• YOUR INSTRUCTIONS:
Write out, exactly and only, the lines that run from the top of the records to the line with "Base solida, movimenti". Include both ends; exclude pictures.

[Dataset items]
________________________

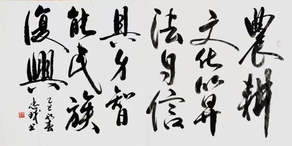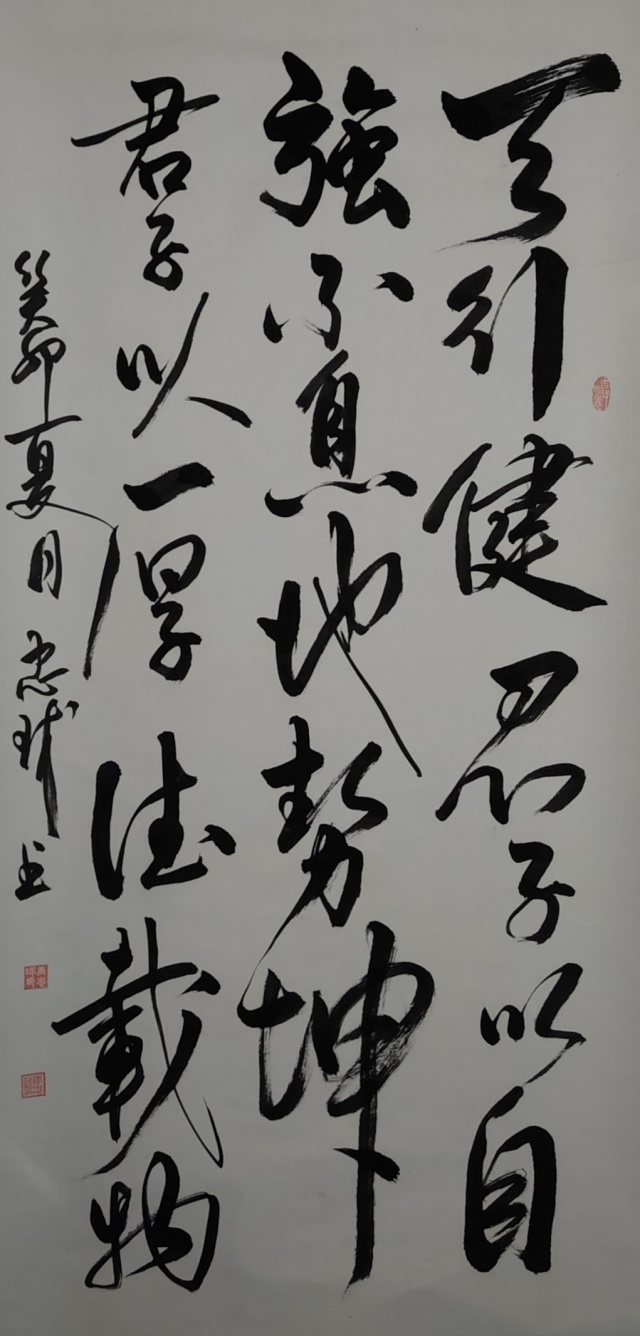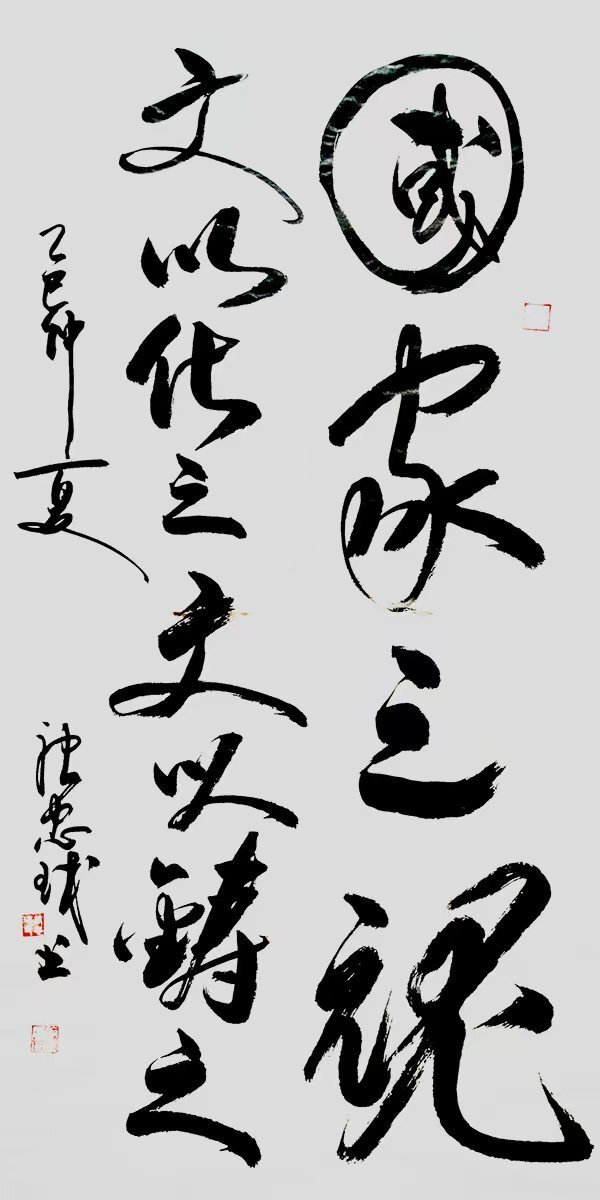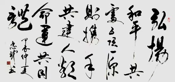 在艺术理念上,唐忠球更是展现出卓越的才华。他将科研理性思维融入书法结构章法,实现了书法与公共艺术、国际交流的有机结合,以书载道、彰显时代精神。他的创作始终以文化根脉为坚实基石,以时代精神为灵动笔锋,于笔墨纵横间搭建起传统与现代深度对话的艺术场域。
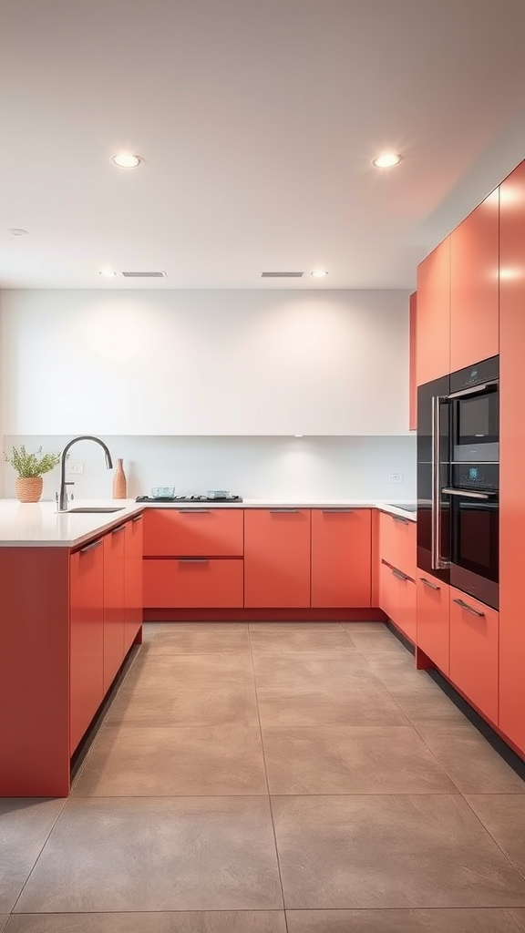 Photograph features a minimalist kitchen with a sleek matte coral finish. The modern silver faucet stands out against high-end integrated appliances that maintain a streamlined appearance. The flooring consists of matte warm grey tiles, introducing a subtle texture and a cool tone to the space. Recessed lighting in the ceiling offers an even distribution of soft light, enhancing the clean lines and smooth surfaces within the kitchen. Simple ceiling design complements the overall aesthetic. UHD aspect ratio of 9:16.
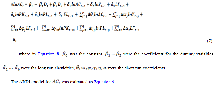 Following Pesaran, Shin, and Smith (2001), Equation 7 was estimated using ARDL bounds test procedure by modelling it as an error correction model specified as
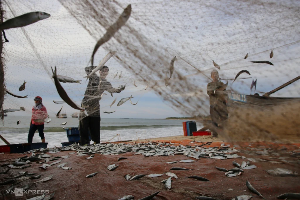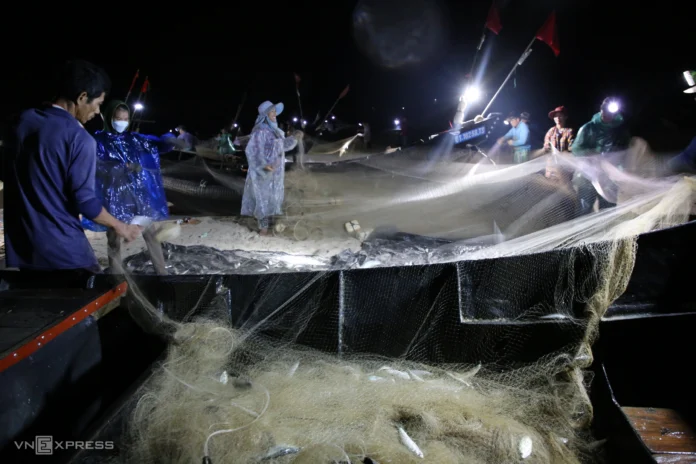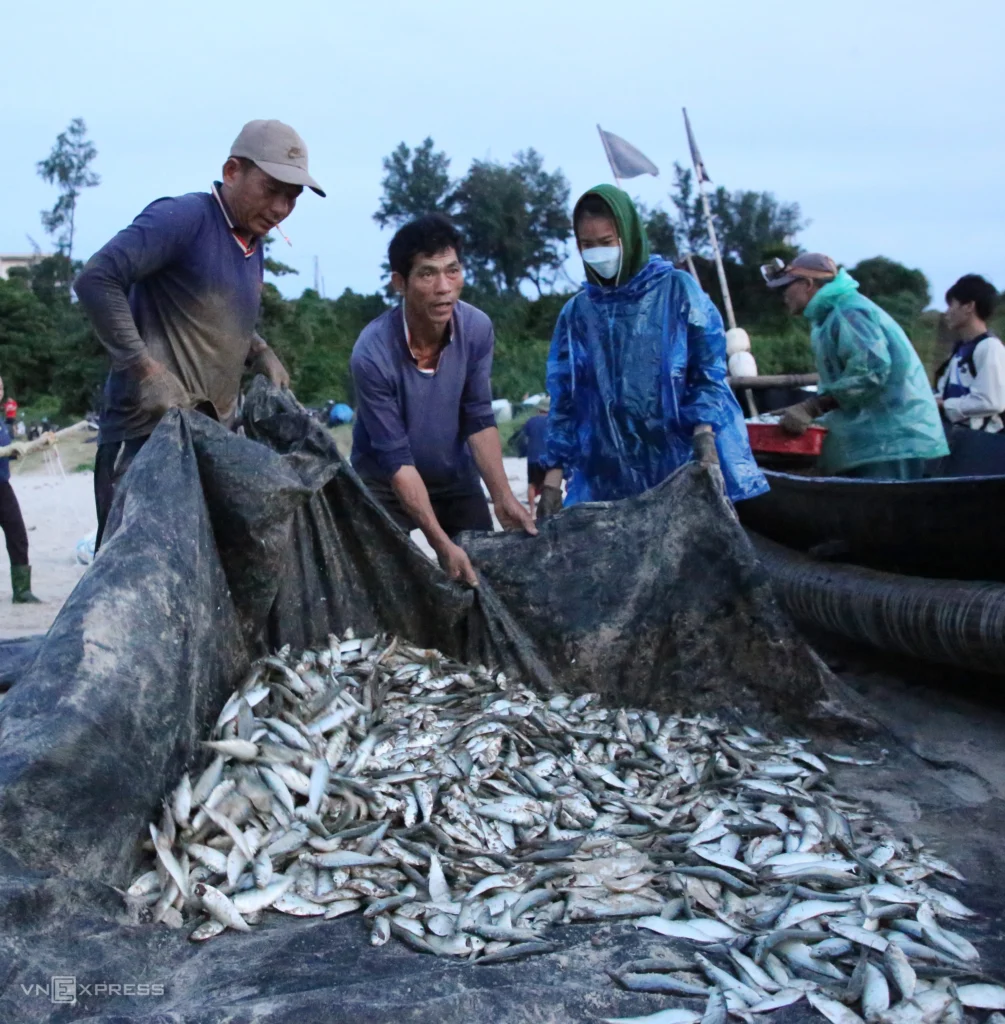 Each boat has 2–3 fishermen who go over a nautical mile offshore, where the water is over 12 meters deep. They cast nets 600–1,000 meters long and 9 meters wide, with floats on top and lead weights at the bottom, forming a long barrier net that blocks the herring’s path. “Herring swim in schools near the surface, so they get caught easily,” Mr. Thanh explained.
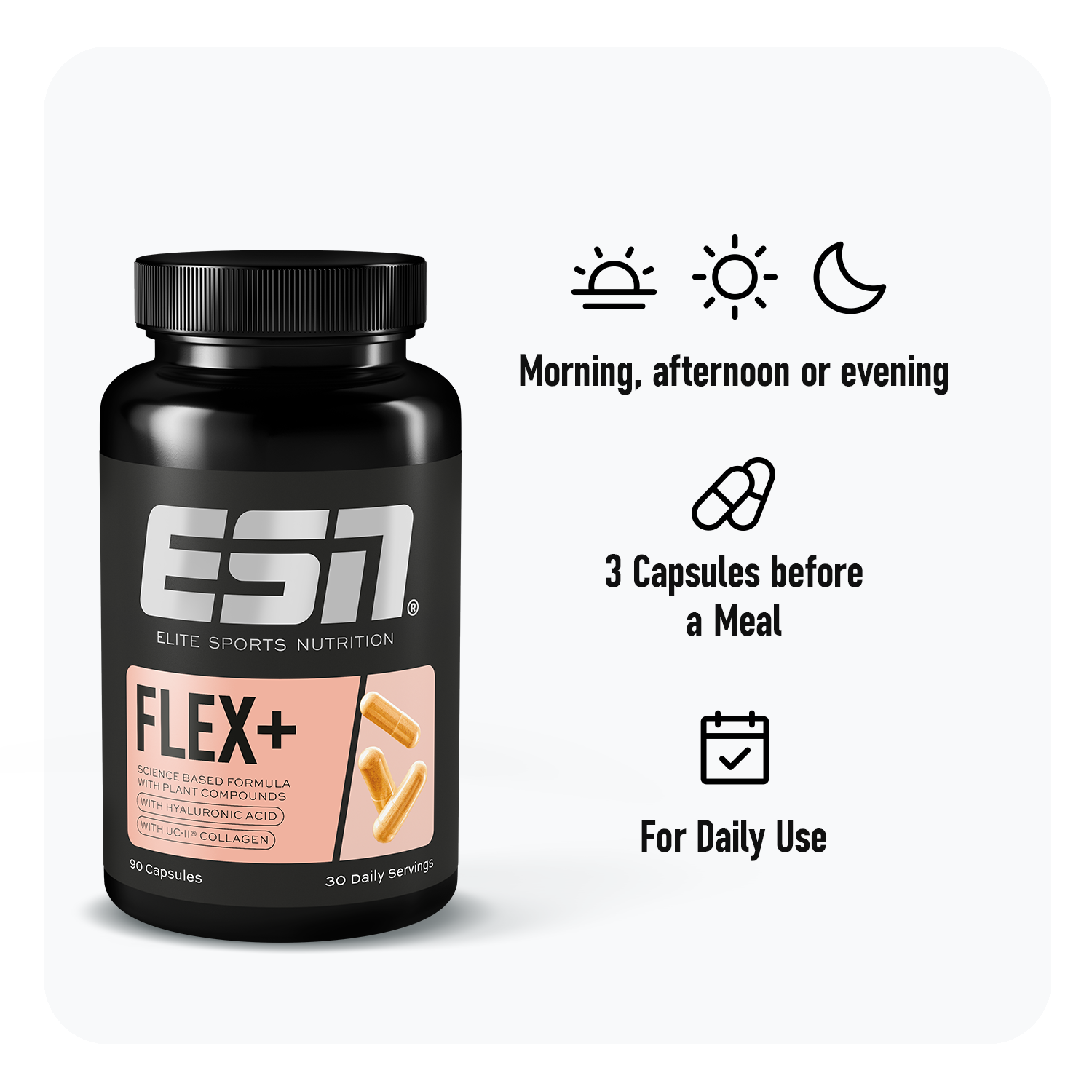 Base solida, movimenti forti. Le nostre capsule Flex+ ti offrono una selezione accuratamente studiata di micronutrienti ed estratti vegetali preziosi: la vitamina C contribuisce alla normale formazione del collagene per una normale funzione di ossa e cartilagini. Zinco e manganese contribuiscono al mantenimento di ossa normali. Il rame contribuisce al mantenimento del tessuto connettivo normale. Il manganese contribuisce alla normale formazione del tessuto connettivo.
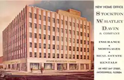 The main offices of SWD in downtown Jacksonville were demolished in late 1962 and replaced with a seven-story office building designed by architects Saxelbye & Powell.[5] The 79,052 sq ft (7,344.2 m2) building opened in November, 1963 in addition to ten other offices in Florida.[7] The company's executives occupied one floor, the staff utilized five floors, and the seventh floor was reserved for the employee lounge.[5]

________________________

• RESPONSE TO THE TASK:
 在艺术理念上,唐忠球更是展现出卓越的才华。他将科研理性思维融入书法结构章法,实现了书法与公共艺术、国际交流的有机结合,以书载道、彰显时代精神。他的创作始终以文化根脉为坚实基石,以时代精神为灵动笔锋,于笔墨纵横间搭建起传统与现代深度对话的艺术场域。
 Photograph features a minimalist kitchen with a sleek matte coral finish. The modern silver faucet stands out against high-end integrated appliances that maintain a streamlined appearance. The flooring consists of matte warm grey tiles, introducing a subtle texture and a cool tone to the space. Recessed lighting in the ceiling offers an even distribution of soft light, enhancing the clean lines and smooth surfaces within the kitchen. Simple ceiling design complements the overall aesthetic. UHD aspect ratio of 9:16.
 Following Pesaran, Shin, and Smith (2001), Equation 7 was estimated using ARDL bounds test procedure by modelling it as an error correction model specified as
 Each boat has 2–3 fishermen who go over a nautical mile offshore, where the water is over 12 meters deep. They cast nets 600–1,000 meters long and 9 meters wide, with floats on top and lead weights at the bottom, forming a long barrier net that blocks the herring’s path. “Herring swim in schools near the surface, so they get caught easily,” Mr. Thanh explained.
 Base solida, movimenti forti. Le nostre capsule Flex+ ti offrono una selezione accuratamente studiata di micronutrienti ed estratti vegetali preziosi: la vitamina C contribuisce alla normale formazione del collagene per una normale funzione di ossa e cartilagini. Zinco e manganese contribuiscono al mantenimento di ossa normali. Il rame contribuisce al mantenimento del tessuto connettivo normale. Il manganese contribuisce alla normale formazione del tessuto connettivo.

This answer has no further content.